**Records:**
• • •

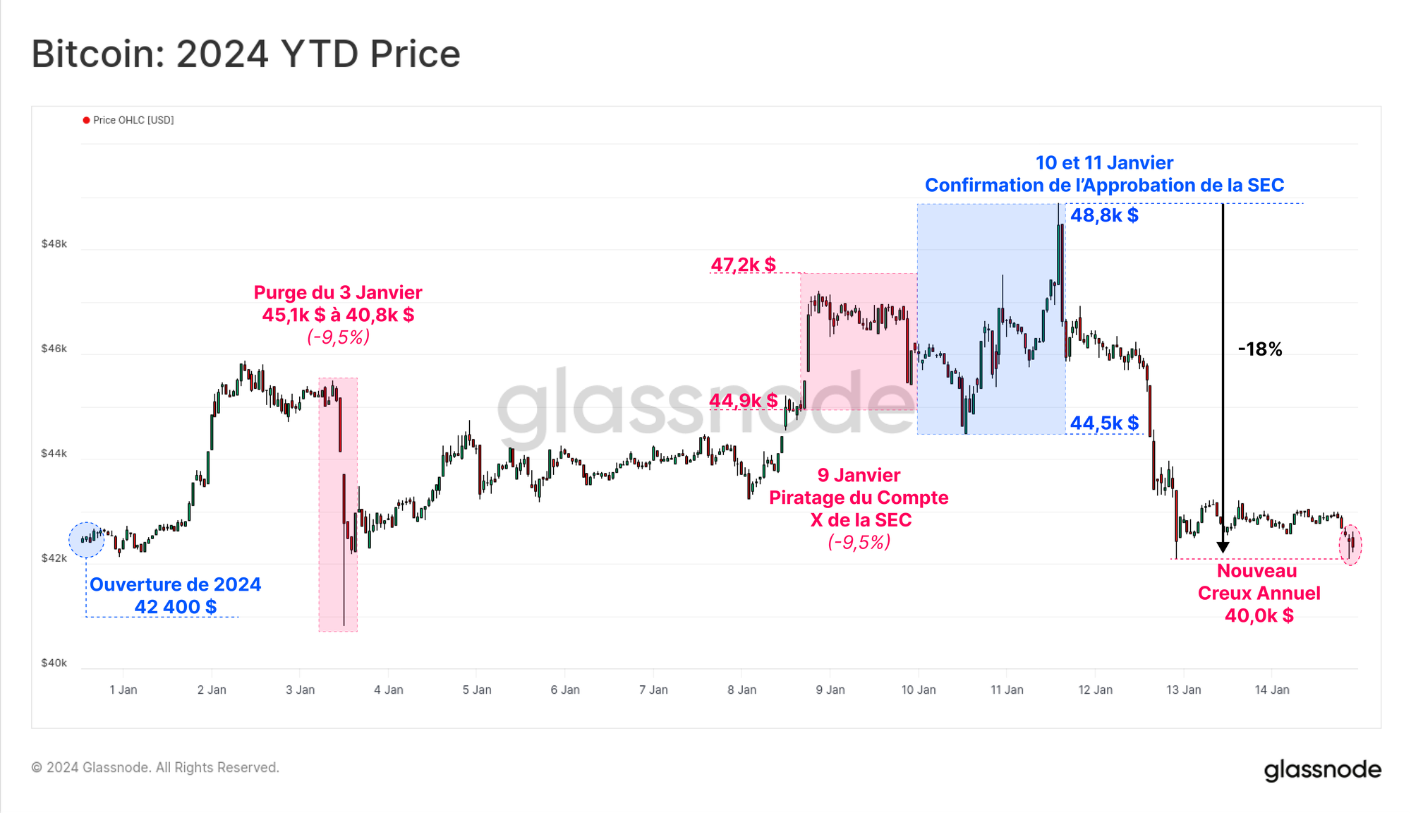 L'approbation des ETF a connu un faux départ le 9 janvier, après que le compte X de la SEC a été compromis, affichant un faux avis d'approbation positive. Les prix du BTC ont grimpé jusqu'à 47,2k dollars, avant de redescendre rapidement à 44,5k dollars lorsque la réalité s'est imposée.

• • •

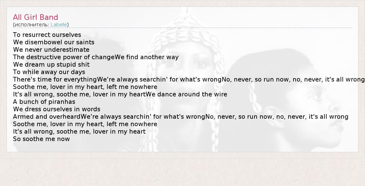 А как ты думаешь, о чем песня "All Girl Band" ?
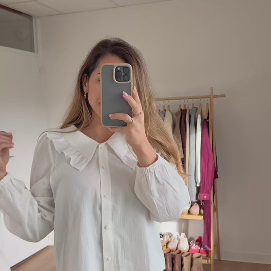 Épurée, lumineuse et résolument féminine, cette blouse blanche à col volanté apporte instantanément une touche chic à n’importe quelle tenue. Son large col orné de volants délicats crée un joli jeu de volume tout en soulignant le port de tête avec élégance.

• • •

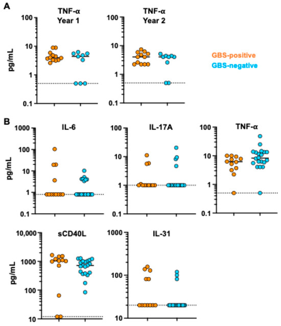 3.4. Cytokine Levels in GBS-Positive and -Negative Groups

• • •

Each line above from the one containing "А как ты думаешь, о" through the one containing "Épurée, lumineuse et" is to be returned verbatim. Nothing else, and no pictures.

 А как ты думаешь, о чем песня "All Girl Band" ?
 Épurée, lumineuse et résolument féminine, cette blouse blanche à col volanté apporte instantanément une touche chic à n’importe quelle tenue. Son large col orné de volants délicats crée un joli jeu de volume tout en soulignant le port de tête avec élégance.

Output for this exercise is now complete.